### DATA PROVIDED
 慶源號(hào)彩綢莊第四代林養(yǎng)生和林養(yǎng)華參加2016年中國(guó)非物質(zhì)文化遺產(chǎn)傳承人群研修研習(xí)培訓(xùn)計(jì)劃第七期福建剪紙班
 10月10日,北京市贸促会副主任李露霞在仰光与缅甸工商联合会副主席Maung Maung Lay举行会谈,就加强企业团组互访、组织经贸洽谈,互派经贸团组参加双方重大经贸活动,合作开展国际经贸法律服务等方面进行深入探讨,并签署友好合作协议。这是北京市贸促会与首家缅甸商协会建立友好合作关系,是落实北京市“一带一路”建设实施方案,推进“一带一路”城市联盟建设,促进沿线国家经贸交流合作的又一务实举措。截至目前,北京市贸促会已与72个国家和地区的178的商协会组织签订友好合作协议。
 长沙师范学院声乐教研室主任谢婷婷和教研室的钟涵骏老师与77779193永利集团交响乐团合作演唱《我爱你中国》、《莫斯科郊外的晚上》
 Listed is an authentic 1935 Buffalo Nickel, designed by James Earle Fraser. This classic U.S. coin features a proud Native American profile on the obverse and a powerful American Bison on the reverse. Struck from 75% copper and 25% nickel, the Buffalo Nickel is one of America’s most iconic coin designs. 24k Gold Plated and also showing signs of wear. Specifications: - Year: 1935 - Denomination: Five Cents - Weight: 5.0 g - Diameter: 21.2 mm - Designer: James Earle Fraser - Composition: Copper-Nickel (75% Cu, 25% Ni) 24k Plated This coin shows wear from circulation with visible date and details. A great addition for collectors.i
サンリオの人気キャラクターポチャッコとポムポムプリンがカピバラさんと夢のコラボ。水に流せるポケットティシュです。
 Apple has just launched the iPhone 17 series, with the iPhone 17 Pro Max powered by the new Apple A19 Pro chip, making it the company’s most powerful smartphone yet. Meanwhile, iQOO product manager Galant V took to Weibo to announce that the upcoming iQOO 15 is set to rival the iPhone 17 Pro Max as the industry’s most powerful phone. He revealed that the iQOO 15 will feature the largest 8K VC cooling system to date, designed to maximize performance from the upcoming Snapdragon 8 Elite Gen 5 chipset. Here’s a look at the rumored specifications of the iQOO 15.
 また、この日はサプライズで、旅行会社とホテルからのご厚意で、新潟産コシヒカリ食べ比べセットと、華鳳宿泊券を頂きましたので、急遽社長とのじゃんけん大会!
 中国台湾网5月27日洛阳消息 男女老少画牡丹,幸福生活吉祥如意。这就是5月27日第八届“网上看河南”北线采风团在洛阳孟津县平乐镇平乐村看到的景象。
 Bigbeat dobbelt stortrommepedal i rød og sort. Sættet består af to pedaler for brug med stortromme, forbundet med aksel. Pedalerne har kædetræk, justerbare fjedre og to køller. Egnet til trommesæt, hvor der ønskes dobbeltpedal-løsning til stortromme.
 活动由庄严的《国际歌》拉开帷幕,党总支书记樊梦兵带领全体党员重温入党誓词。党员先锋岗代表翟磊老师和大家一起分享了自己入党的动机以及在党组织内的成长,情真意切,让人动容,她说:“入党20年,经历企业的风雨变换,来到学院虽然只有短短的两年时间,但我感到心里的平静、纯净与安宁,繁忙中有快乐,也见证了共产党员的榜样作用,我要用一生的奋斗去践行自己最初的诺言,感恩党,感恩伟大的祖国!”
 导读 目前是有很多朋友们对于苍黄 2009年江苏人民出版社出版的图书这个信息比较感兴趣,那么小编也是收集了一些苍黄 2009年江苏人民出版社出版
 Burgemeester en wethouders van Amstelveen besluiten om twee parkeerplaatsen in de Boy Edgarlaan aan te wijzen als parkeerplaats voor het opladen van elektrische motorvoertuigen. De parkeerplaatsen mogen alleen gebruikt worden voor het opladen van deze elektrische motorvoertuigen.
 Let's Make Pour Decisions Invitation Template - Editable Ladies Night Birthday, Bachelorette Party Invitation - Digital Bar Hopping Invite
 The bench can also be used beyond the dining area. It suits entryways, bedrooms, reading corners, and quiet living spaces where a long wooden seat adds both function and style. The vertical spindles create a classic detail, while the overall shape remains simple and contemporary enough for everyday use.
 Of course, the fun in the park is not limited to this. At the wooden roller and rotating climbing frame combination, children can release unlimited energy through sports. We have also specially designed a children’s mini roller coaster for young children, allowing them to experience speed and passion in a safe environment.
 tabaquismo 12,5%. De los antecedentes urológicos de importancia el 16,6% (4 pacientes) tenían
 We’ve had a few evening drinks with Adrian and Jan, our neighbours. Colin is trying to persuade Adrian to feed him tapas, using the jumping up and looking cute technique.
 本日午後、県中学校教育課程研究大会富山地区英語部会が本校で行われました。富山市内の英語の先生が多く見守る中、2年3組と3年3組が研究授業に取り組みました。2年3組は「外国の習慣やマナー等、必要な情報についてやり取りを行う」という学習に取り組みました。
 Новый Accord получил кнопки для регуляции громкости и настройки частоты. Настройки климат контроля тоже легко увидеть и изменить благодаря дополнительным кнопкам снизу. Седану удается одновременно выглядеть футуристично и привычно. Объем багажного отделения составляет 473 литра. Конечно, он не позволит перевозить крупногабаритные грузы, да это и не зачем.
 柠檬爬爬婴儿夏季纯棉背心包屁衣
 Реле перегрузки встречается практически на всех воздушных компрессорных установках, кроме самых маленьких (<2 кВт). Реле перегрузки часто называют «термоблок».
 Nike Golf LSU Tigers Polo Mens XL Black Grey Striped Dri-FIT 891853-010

### TASK GOAL
Every entry should be reproduced exactly, with no part omitted.

### ANSWER SPACE
 慶源號(hào)彩綢莊第四代林養(yǎng)生和林養(yǎng)華參加2016年中國(guó)非物質(zhì)文化遺產(chǎn)傳承人群研修研習(xí)培訓(xùn)計(jì)劃第七期福建剪紙班
 10月10日,北京市贸促会副主任李露霞在仰光与缅甸工商联合会副主席Maung Maung Lay举行会谈,就加强企业团组互访、组织经贸洽谈,互派经贸团组参加双方重大经贸活动,合作开展国际经贸法律服务等方面进行深入探讨,并签署友好合作协议。这是北京市贸促会与首家缅甸商协会建立友好合作关系,是落实北京市“一带一路”建设实施方案,推进“一带一路”城市联盟建设,促进沿线国家经贸交流合作的又一务实举措。截至目前,北京市贸促会已与72个国家和地区的178的商协会组织签订友好合作协议。
 长沙师范学院声乐教研室主任谢婷婷和教研室的钟涵骏老师与77779193永利集团交响乐团合作演唱《我爱你中国》、《莫斯科郊外的晚上》
 Listed is an authentic 1935 Buffalo Nickel, designed by James Earle Fraser. This classic U.S. coin features a proud Native American profile on the obverse and a powerful American Bison on the reverse. Struck from 75% copper and 25% nickel, the Buffalo Nickel is one of America’s most iconic coin designs. 24k Gold Plated and also showing signs of wear. Specifications: - Year: 1935 - Denomination: Five Cents - Weight: 5.0 g - Diameter: 21.2 mm - Designer: James Earle Fraser - Composition: Copper-Nickel (75% Cu, 25% Ni) 24k Plated This coin shows wear from circulation with visible date and details. A great addition for collectors.i
サンリオの人気キャラクターポチャッコとポムポムプリンがカピバラさんと夢のコラボ。水に流せるポケットティシュです。
 Apple has just launched the iPhone 17 series, with the iPhone 17 Pro Max powered by the new Apple A19 Pro chip, making it the company’s most powerful smartphone yet. Meanwhile, iQOO product manager Galant V took to Weibo to announce that the upcoming iQOO 15 is set to rival the iPhone 17 Pro Max as the industry’s most powerful phone. He revealed that the iQOO 15 will feature the largest 8K VC cooling system to date, designed to maximize performance from the upcoming Snapdragon 8 Elite Gen 5 chipset. Here’s a look at the rumored specifications of the iQOO 15.
 また、この日はサプライズで、旅行会社とホテルからのご厚意で、新潟産コシヒカリ食べ比べセットと、華鳳宿泊券を頂きましたので、急遽社長とのじゃんけん大会!
 中国台湾网5月27日洛阳消息 男女老少画牡丹,幸福生活吉祥如意。这就是5月27日第八届“网上看河南”北线采风团在洛阳孟津县平乐镇平乐村看到的景象。
 Bigbeat dobbelt stortrommepedal i rød og sort. Sættet består af to pedaler for brug med stortromme, forbundet med aksel. Pedalerne har kædetræk, justerbare fjedre og to køller. Egnet til trommesæt, hvor der ønskes dobbeltpedal-løsning til stortromme.
 活动由庄严的《国际歌》拉开帷幕,党总支书记樊梦兵带领全体党员重温入党誓词。党员先锋岗代表翟磊老师和大家一起分享了自己入党的动机以及在党组织内的成长,情真意切,让人动容,她说:“入党20年,经历企业的风雨变换,来到学院虽然只有短短的两年时间,但我感到心里的平静、纯净与安宁,繁忙中有快乐,也见证了共产党员的榜样作用,我要用一生的奋斗去践行自己最初的诺言,感恩党,感恩伟大的祖国!”
 导读 目前是有很多朋友们对于苍黄 2009年江苏人民出版社出版的图书这个信息比较感兴趣,那么小编也是收集了一些苍黄 2009年江苏人民出版社出版
 Burgemeester en wethouders van Amstelveen besluiten om twee parkeerplaatsen in de Boy Edgarlaan aan te wijzen als parkeerplaats voor het opladen van elektrische motorvoertuigen. De parkeerplaatsen mogen alleen gebruikt worden voor het opladen van deze elektrische motorvoertuigen.
 Let's Make Pour Decisions Invitation Template - Editable Ladies Night Birthday, Bachelorette Party Invitation - Digital Bar Hopping Invite
 The bench can also be used beyond the dining area. It suits entryways, bedrooms, reading corners, and quiet living spaces where a long wooden seat adds both function and style. The vertical spindles create a classic detail, while the overall shape remains simple and contemporary enough for everyday use.
 Of course, the fun in the park is not limited to this. At the wooden roller and rotating climbing frame combination, children can release unlimited energy through sports. We have also specially designed a children’s mini roller coaster for young children, allowing them to experience speed and passion in a safe environment.
 tabaquismo 12,5%. De los antecedentes urológicos de importancia el 16,6% (4 pacientes) tenían
 We’ve had a few evening drinks with Adrian and Jan, our neighbours. Colin is trying to persuade Adrian to feed him tapas, using the jumping up and looking cute technique.
 本日午後、県中学校教育課程研究大会富山地区英語部会が本校で行われました。富山市内の英語の先生が多く見守る中、2年3組と3年3組が研究授業に取り組みました。2年3組は「外国の習慣やマナー等、必要な情報についてやり取りを行う」という学習に取り組みました。
 Новый Accord получил кнопки для регуляции громкости и настройки частоты. Настройки климат контроля тоже легко увидеть и изменить благодаря дополнительным кнопкам снизу. Седану удается одновременно выглядеть футуристично и привычно. Объем багажного отделения составляет 473 литра. Конечно, он не позволит перевозить крупногабаритные грузы, да это и не зачем.
 柠檬爬爬婴儿夏季纯棉背心包屁衣
 Реле перегрузки встречается практически на всех воздушных компрессорных установках, кроме самых маленьких (<2 кВт). Реле перегрузки часто называют «термоблок».
 Nike Golf LSU Tigers Polo Mens XL Black Grey Striped Dri-FIT 891853-010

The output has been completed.